Records Start Marker

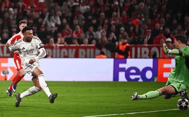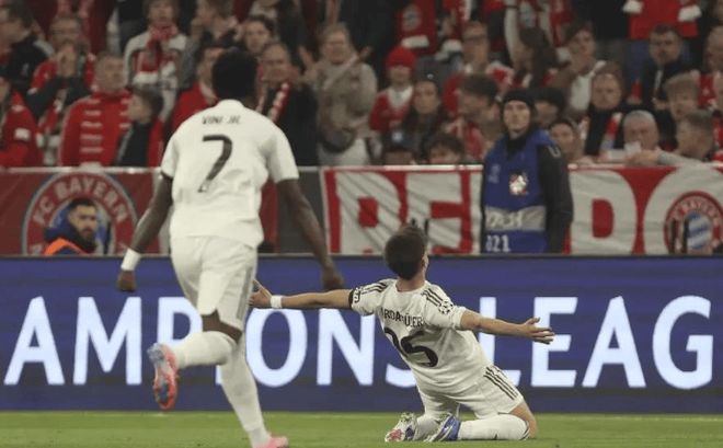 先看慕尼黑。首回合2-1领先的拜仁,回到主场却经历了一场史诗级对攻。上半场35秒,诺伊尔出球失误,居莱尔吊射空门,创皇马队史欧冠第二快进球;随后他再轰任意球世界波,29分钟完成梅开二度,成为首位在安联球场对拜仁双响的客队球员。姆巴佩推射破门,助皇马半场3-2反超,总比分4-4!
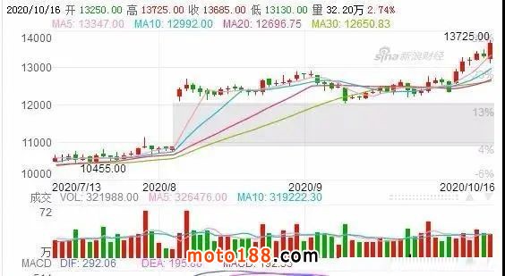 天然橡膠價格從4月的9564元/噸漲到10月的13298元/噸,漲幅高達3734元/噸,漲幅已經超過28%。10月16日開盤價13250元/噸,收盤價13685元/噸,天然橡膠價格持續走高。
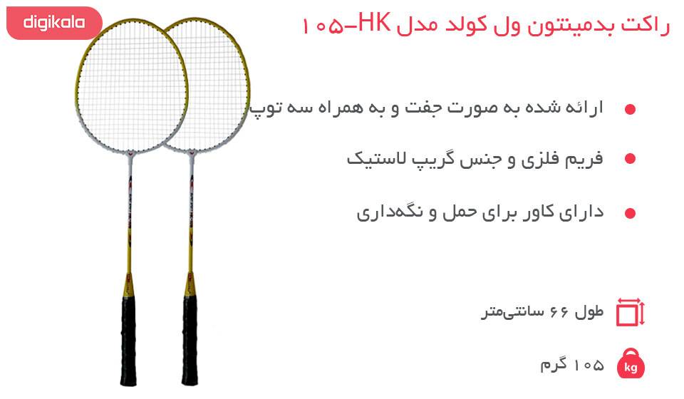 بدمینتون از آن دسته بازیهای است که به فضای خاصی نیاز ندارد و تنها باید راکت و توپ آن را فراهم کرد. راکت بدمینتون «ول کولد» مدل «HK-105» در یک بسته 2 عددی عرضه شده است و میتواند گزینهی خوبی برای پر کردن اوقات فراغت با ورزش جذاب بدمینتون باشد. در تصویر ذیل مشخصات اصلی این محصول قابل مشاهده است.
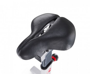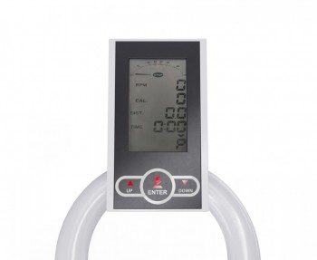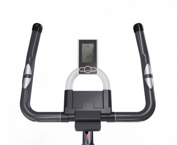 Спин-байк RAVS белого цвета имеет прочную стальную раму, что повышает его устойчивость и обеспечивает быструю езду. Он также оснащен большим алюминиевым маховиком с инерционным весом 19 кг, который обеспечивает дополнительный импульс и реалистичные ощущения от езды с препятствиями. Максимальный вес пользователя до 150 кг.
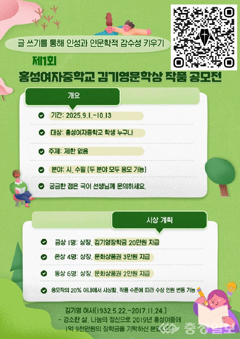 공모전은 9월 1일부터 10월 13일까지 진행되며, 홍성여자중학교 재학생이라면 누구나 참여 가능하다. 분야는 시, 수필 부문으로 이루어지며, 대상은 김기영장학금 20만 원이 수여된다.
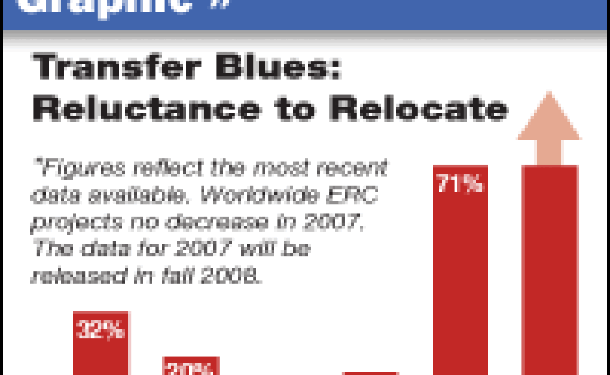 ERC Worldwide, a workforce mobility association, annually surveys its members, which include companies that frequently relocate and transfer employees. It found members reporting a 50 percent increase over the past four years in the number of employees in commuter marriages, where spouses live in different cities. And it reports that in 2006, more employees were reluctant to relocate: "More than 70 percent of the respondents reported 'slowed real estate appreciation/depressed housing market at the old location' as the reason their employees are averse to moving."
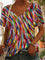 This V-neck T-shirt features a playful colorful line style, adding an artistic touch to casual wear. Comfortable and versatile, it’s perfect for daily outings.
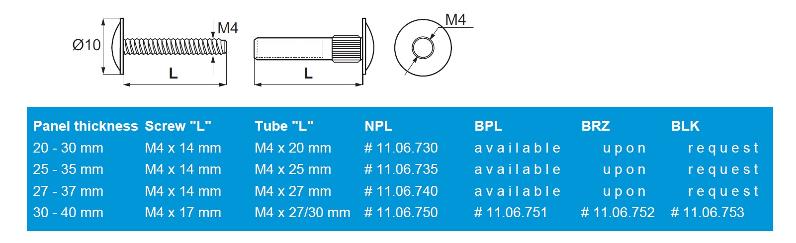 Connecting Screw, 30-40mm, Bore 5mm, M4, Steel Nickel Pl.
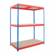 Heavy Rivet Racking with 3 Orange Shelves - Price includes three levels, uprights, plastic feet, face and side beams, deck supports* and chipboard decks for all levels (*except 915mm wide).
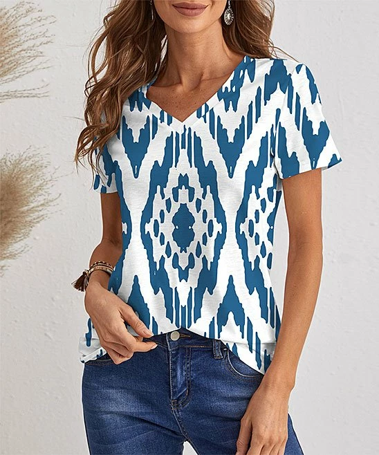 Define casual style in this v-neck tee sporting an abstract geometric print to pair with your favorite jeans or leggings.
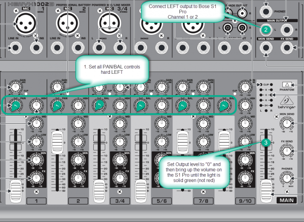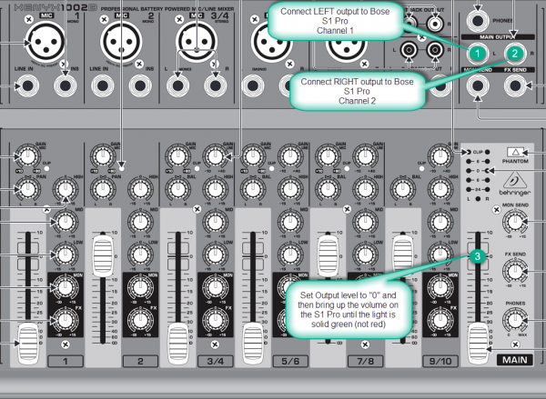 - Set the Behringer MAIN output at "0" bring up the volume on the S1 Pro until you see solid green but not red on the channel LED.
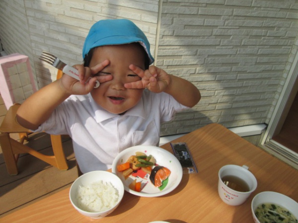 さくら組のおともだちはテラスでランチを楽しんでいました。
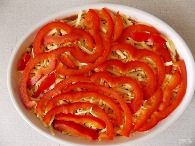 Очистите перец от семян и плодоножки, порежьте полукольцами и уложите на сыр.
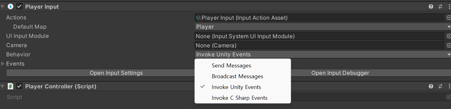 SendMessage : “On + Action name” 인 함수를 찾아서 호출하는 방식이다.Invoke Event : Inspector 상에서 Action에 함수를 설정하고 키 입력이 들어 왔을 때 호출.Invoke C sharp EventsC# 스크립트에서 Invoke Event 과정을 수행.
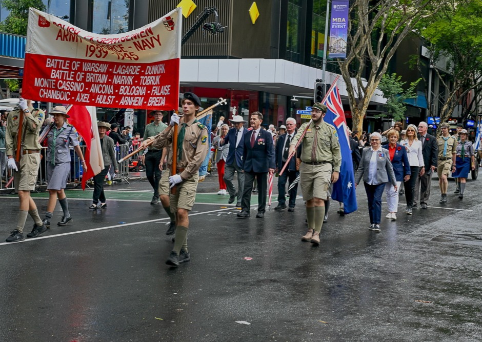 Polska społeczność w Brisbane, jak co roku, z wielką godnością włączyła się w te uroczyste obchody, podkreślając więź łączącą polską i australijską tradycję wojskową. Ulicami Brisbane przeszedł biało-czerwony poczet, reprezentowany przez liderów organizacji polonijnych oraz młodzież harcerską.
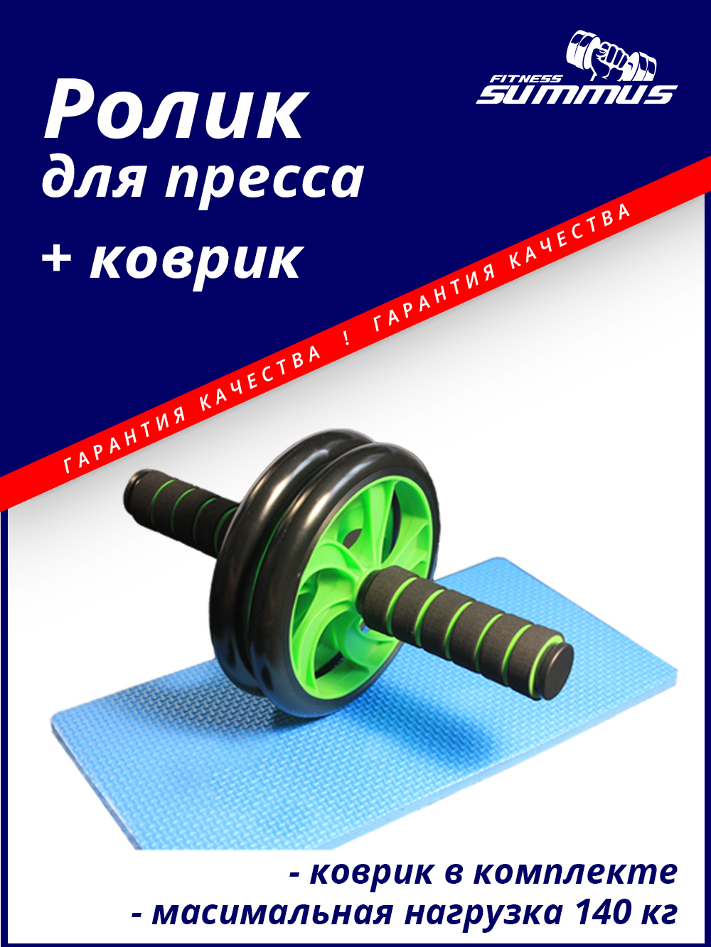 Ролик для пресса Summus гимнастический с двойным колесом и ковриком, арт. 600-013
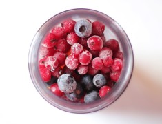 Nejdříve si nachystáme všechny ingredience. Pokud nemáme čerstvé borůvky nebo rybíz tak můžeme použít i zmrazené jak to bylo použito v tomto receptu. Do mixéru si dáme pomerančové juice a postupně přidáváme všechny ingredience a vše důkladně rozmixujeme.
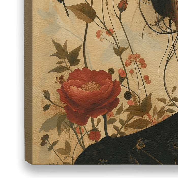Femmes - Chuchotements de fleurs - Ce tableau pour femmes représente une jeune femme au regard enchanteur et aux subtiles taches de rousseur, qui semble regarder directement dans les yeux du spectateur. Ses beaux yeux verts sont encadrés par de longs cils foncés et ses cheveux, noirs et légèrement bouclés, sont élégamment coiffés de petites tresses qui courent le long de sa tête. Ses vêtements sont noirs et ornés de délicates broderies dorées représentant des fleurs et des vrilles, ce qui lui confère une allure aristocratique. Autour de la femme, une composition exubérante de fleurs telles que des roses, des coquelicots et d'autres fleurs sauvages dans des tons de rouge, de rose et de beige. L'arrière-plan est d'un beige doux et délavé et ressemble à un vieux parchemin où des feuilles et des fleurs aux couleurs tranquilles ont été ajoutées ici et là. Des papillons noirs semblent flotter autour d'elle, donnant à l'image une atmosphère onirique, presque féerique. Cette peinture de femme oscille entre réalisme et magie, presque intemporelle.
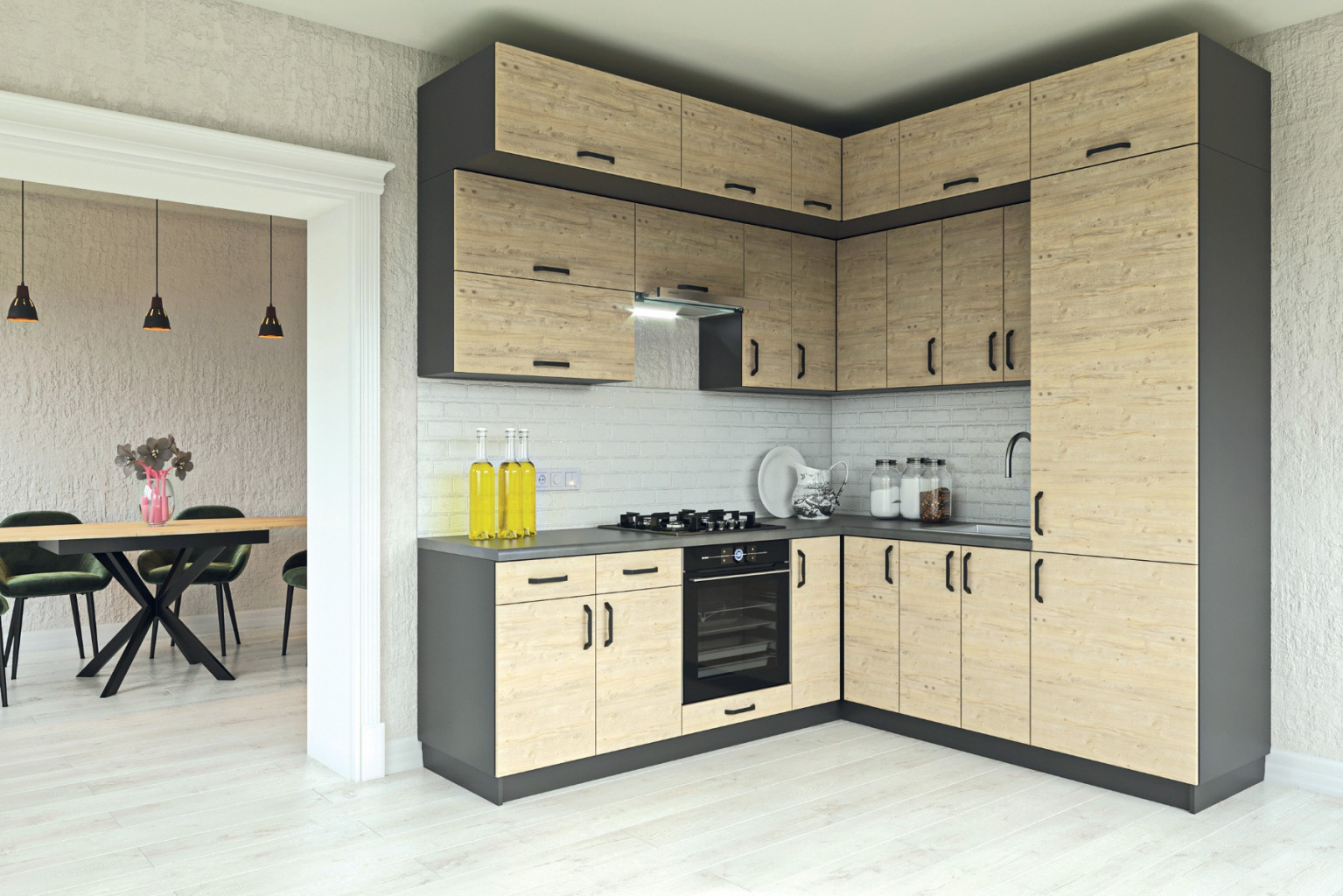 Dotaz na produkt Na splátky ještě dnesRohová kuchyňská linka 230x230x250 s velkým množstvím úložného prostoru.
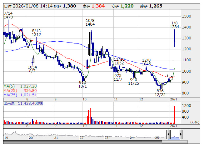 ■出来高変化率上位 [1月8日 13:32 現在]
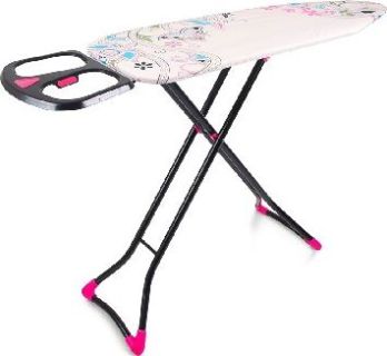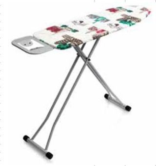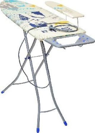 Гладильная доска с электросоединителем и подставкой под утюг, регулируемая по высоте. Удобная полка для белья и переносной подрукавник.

Records End Marker

> [What you are asked to do]: Repeat only the lines between the top of the entries above and the line containing "공모전은 9월 1일부터", both ends included, without the pictures.

> [Answer to this task]:
 先看慕尼黑。首回合2-1领先的拜仁,回到主场却经历了一场史诗级对攻。上半场35秒,诺伊尔出球失误,居莱尔吊射空门,创皇马队史欧冠第二快进球;随后他再轰任意球世界波,29分钟完成梅开二度,成为首位在安联球场对拜仁双响的客队球员。姆巴佩推射破门,助皇马半场3-2反超,总比分4-4!
 天然橡膠價格從4月的9564元/噸漲到10月的13298元/噸,漲幅高達3734元/噸,漲幅已經超過28%。10月16日開盤價13250元/噸,收盤價13685元/噸,天然橡膠價格持續走高。
 بدمینتون از آن دسته بازیهای است که به فضای خاصی نیاز ندارد و تنها باید راکت و توپ آن را فراهم کرد. راکت بدمینتون «ول کولد» مدل «HK-105» در یک بسته 2 عددی عرضه شده است و میتواند گزینهی خوبی برای پر کردن اوقات فراغت با ورزش جذاب بدمینتون باشد. در تصویر ذیل مشخصات اصلی این محصول قابل مشاهده است.
 Спин-байк RAVS белого цвета имеет прочную стальную раму, что повышает его устойчивость и обеспечивает быструю езду. Он также оснащен большим алюминиевым маховиком с инерционным весом 19 кг, который обеспечивает дополнительный импульс и реалистичные ощущения от езды с препятствиями. Максимальный вес пользователя до 150 кг.
 공모전은 9월 1일부터 10월 13일까지 진행되며, 홍성여자중학교 재학생이라면 누구나 참여 가능하다. 분야는 시, 수필 부문으로 이루어지며, 대상은 김기영장학금 20만 원이 수여된다.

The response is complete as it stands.